[Dataset excerpts Boundary: Start]

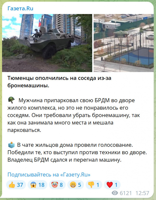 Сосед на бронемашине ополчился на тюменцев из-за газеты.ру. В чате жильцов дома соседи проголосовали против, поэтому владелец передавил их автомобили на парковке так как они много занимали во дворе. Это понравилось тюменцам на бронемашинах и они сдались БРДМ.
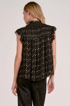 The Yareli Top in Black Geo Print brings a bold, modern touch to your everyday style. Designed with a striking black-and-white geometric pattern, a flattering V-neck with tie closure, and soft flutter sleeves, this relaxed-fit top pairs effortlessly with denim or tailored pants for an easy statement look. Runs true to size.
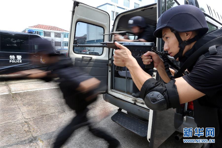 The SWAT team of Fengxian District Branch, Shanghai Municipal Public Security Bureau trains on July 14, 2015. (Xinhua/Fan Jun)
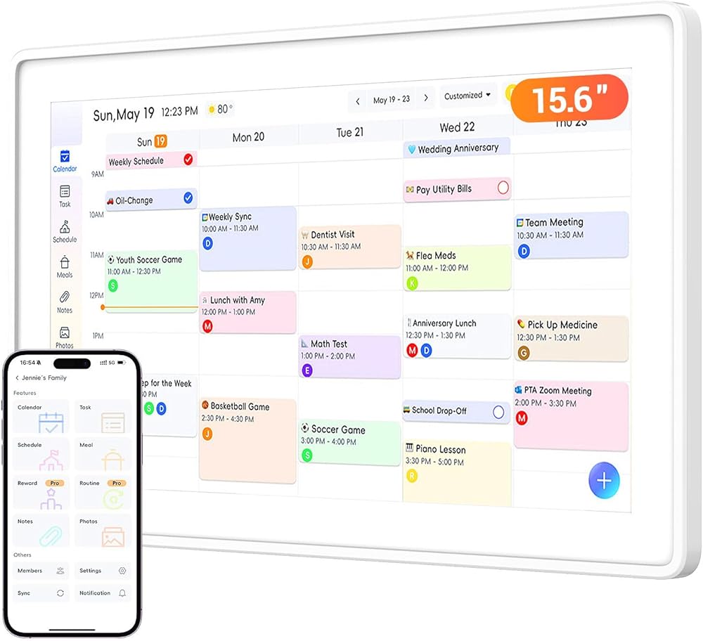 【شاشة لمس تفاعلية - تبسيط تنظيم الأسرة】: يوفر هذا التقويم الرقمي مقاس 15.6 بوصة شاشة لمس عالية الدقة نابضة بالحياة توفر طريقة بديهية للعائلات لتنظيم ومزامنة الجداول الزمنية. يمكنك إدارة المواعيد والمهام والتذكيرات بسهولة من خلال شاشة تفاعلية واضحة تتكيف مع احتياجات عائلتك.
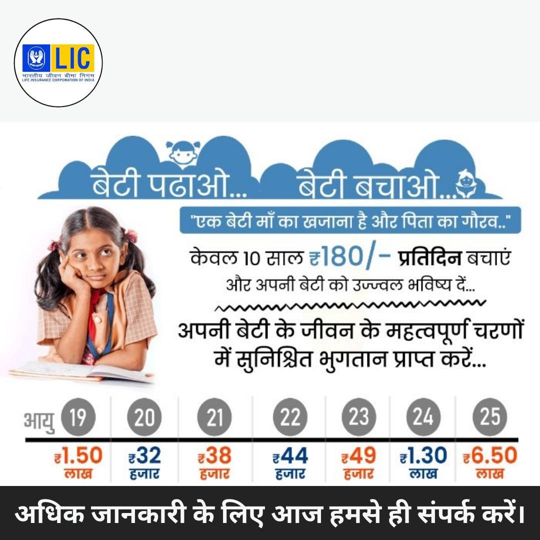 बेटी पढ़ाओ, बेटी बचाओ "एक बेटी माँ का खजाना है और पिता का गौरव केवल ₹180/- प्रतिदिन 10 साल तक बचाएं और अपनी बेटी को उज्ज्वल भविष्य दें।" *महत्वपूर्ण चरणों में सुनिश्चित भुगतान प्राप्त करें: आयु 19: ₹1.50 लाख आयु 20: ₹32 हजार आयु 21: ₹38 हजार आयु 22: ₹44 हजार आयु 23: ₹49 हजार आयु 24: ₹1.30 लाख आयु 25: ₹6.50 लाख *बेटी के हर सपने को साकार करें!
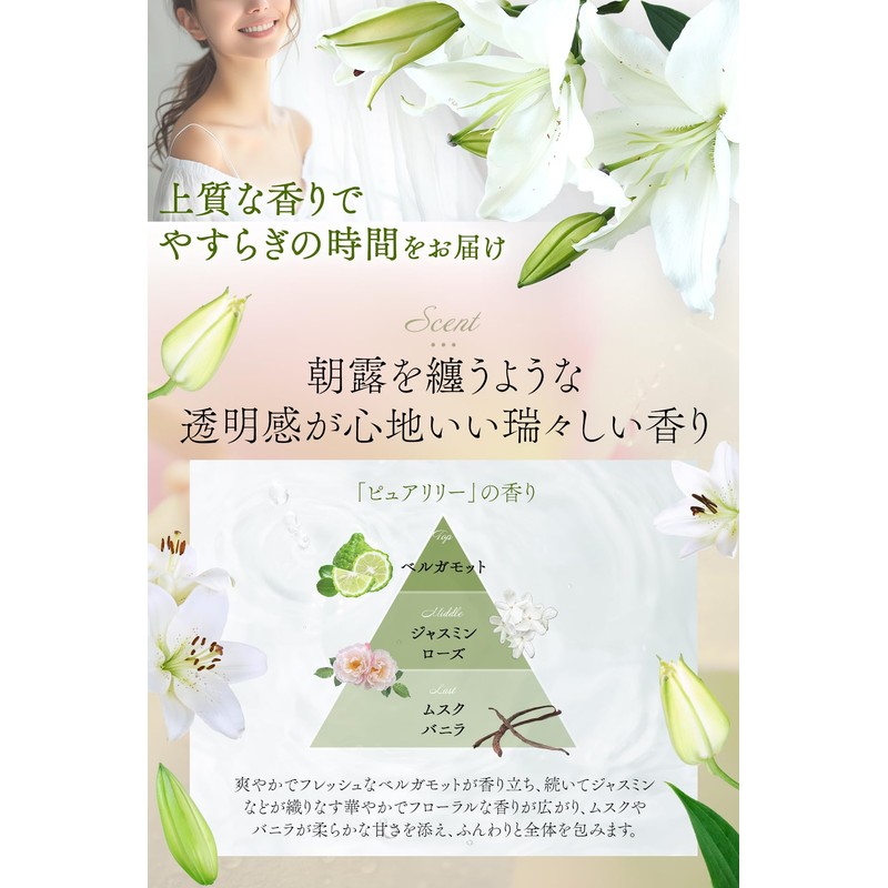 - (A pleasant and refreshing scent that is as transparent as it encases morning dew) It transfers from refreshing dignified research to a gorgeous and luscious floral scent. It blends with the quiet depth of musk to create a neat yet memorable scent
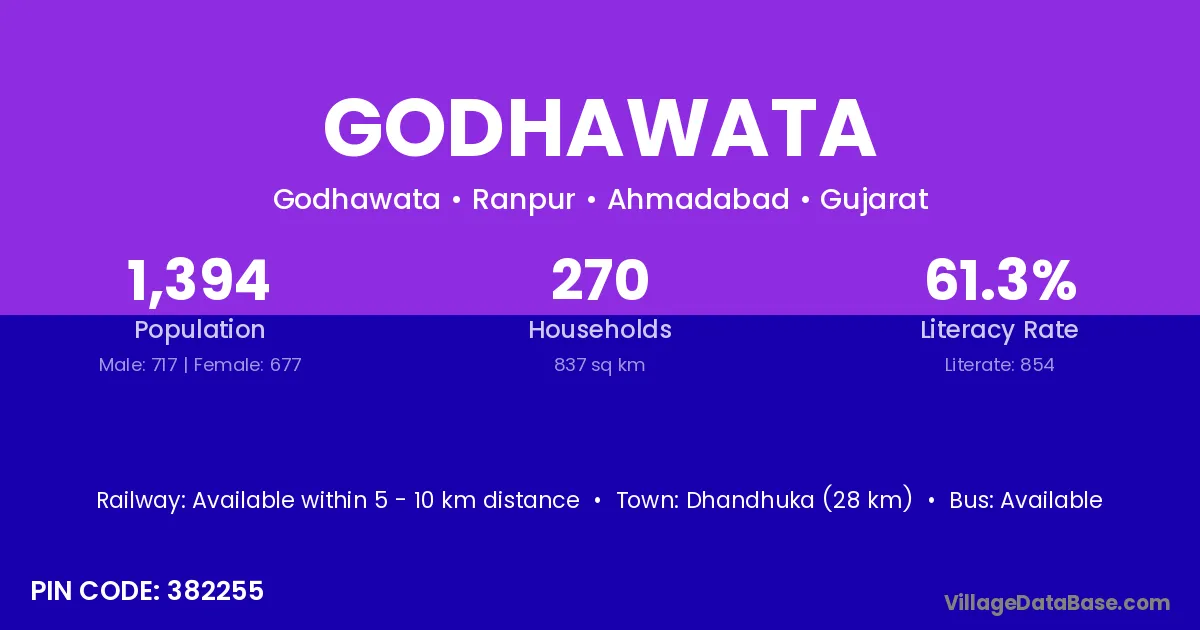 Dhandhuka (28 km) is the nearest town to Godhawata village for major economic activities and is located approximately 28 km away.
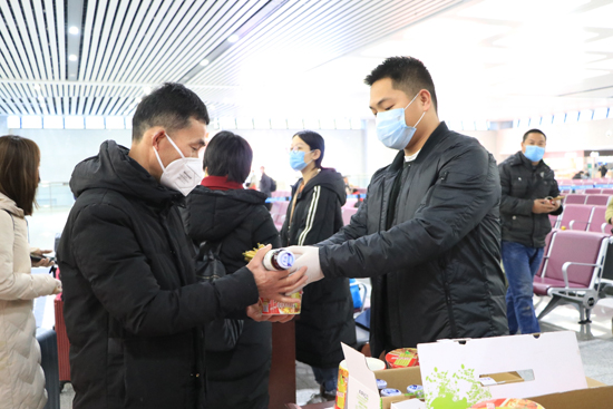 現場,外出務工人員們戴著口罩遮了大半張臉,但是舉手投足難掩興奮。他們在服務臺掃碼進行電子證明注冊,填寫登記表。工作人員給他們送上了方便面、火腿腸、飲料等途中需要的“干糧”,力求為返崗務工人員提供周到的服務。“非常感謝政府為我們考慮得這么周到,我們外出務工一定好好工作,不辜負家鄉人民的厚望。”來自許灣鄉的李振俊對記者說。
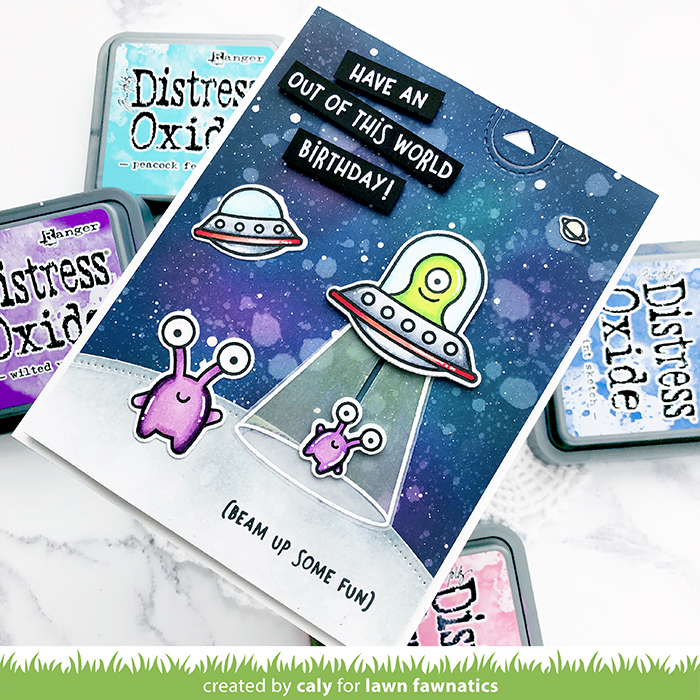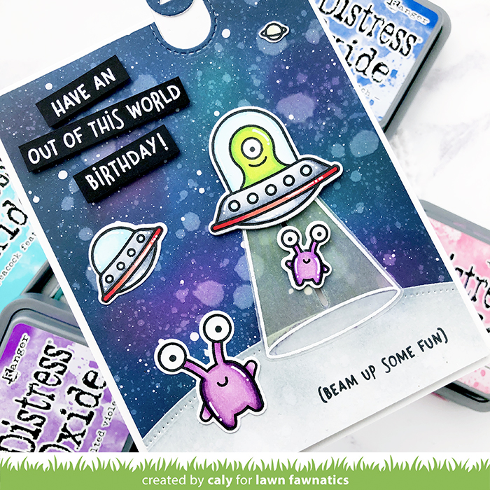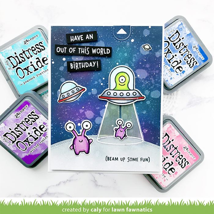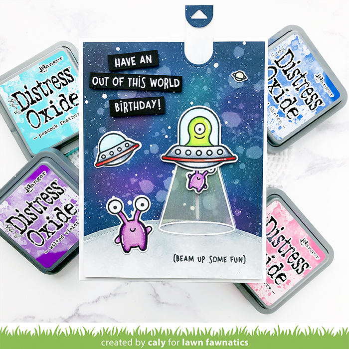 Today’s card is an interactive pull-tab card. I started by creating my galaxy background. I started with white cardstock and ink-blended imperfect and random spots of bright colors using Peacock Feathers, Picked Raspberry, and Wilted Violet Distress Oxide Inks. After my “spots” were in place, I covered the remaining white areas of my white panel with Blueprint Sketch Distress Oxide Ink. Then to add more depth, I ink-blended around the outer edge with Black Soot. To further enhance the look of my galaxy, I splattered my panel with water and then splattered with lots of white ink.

[Dataset excerpts Boundary: End]
[Dataset excerpts Boundary: Start]

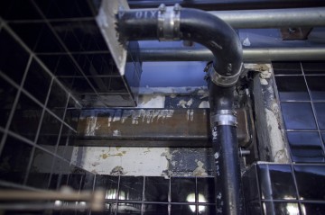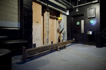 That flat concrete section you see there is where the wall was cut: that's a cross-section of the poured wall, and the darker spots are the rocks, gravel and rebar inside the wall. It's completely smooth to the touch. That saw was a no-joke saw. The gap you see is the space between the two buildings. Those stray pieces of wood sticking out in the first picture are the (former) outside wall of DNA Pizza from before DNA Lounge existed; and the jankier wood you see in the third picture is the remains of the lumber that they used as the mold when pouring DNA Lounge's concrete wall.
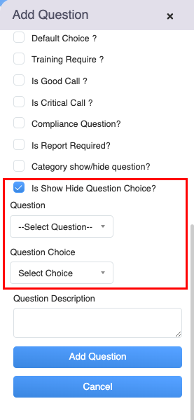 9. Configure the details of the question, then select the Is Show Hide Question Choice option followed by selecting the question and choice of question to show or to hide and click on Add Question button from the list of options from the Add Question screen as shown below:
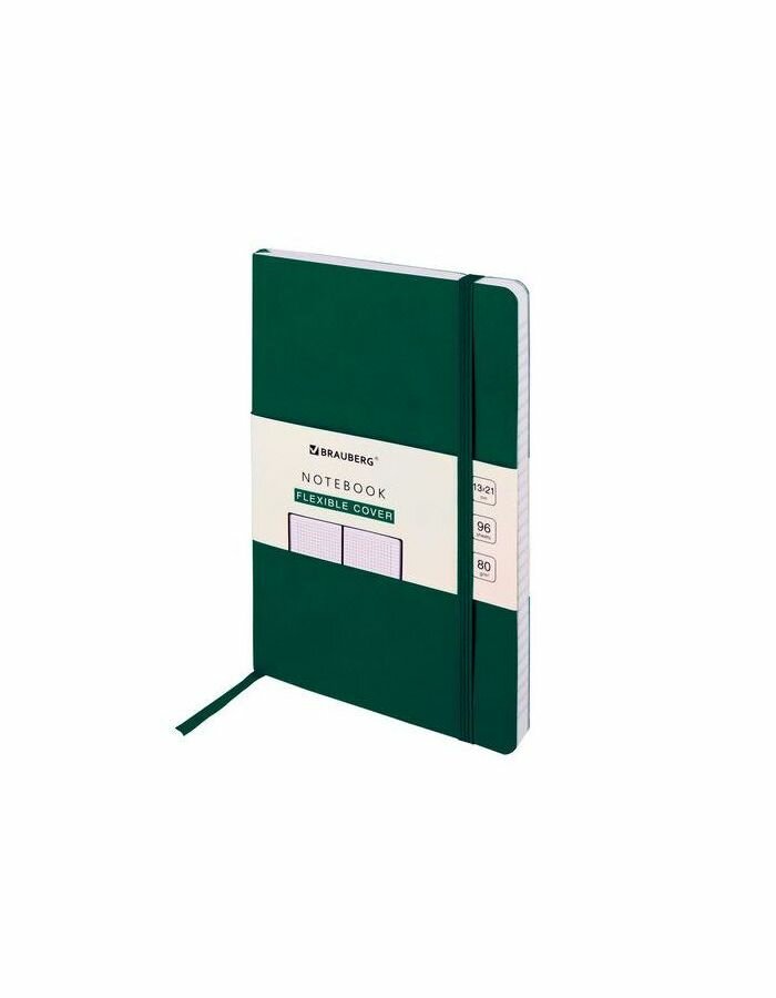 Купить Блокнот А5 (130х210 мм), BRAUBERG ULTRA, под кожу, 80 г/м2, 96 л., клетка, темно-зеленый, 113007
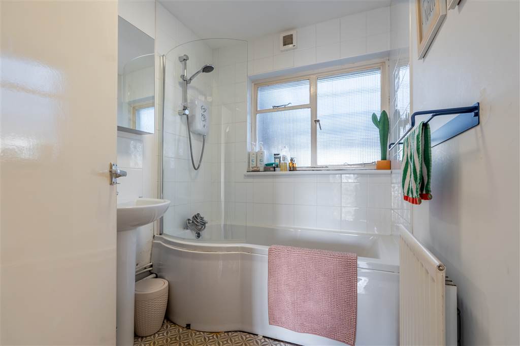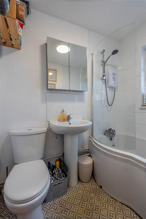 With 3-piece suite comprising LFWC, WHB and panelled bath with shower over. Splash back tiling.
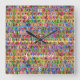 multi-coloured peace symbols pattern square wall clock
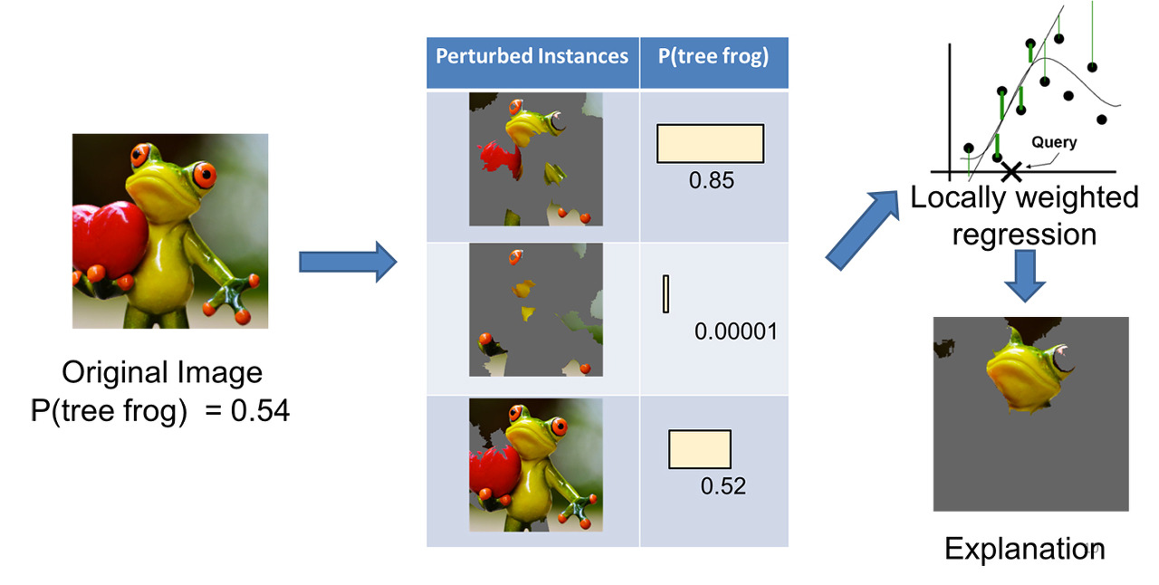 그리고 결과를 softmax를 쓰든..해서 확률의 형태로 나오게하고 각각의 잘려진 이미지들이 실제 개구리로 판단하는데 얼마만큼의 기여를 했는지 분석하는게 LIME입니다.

[Dataset excerpts Boundary: End]

#### What the task asks
What lines above run from the one with "multi-coloured peace symbols" to the one with "그리고 결과를 softmax를"? Give them again exactly, ends included, and leave the pictures out.

#### Result of the exercise
 multi-coloured peace symbols pattern square wall clock
 그리고 결과를 softmax를 쓰든..해서 확률의 형태로 나오게하고 각각의 잘려진 이미지들이 실제 개구리로 판단하는데 얼마만큼의 기여를 했는지 분석하는게 LIME입니다.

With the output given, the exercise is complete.